Happy Chrismahanukwanzakah to You!
Dec. 10, 2004 — -- Move over, Festivus. Chrismahanukwanzakah is the alternative December holiday du jour.
Or maybe you both light candles and decorate a tree, so you'd like to officially celebrate Chrismukkah this year.
As nontraditional "holidays" go, things have come a long way since "Seinfeld's" Frank Costanza introduced "a Festivus for the rest of us" back in 1997.
This year, Chrismahanukwanzakah -- devoted to "everything people love about the holidays" -- will fall on Dec. 13, courtesy of Virgin Mobile and its new ad campaign. And the 18-day-long Chrismukkah observance began Dec. 7, according to Ron Gompertz, owner of Chrismukkah.com, a Web site devoted to the celebration of the holiday.
Gompertz, who is Jewish, and his wife, Michelle, who is the daughter of a Protestant minister, were inspired by an episode of Fox's "The OC" in which Seth Cohen coins the phrase describing his interfaith family's Christmas and Hanukkah traditions.
"Chrismukkah is sort of the great umbrella name for describing the chaos and whimsy and excitement that goes on during the month of December," Gompertz said.
What started as a small online venture -- selling Chrismukkah cards and other items commemorating both faiths -- has blossomed into something of a Chrismukkah miracle. Gompertz said he and his wife anticipated selling a few thousand cards -- featuring such images as a reindeer with menorah antlers or a snowman made out of matzoh balls -- but within the first month of being in business they sold 25,000.

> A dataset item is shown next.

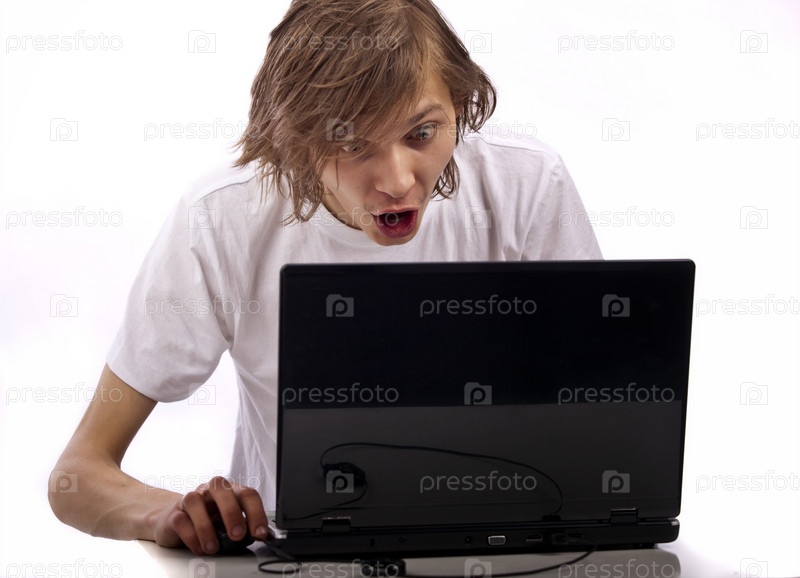Сумасшедший молодой человек за ноутбуком на белом фоне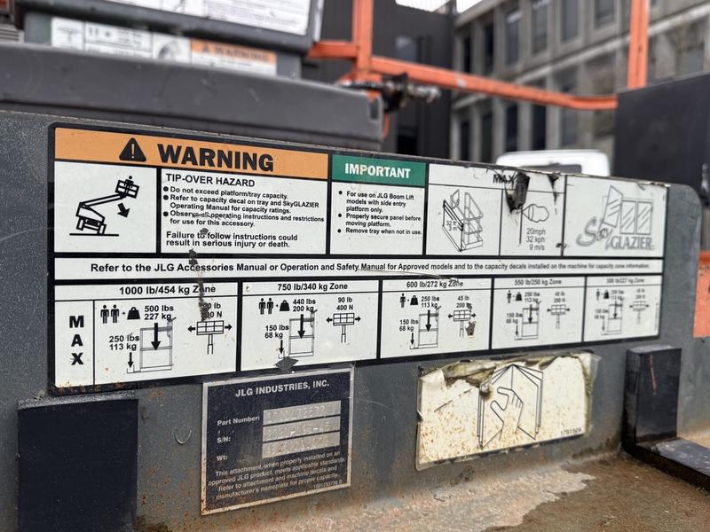 This 2012 JLG 660SJ 4WD diesel boom lift is equipped with a 2.1L 4-cylinder engine and automatic driveline, and features an orange exterior and interior. It offers a platform height of approximately 65 feet 8 inches, a 550 lb platform capacity and an operating weight of 27,000 lb. The unit measures about 33 feet 6 inches long, 7 feet 11 inches wide and 8 feet 5 inches high.

"We're sharing a point of view with many, many people who are in the same situation as we are," he said. "I don't think I realized how many."
Perhaps not, but the number of interfaith families is growing. According to a survey released last year by United Jewish Communities, there are 5.2 million Jewish people in America, and 31 percent of those who are married have spouses of other faiths. And of those married since 1996, 47 percent have intermarried.
While this raises serious issues of how religion is practiced in such households, the creators of Chrismukkah are promoting the purely secular aspects of Christianity and Judaism through the mingled symbols and traditions of holidays that happen to both involve gift-giving and occur in the same month.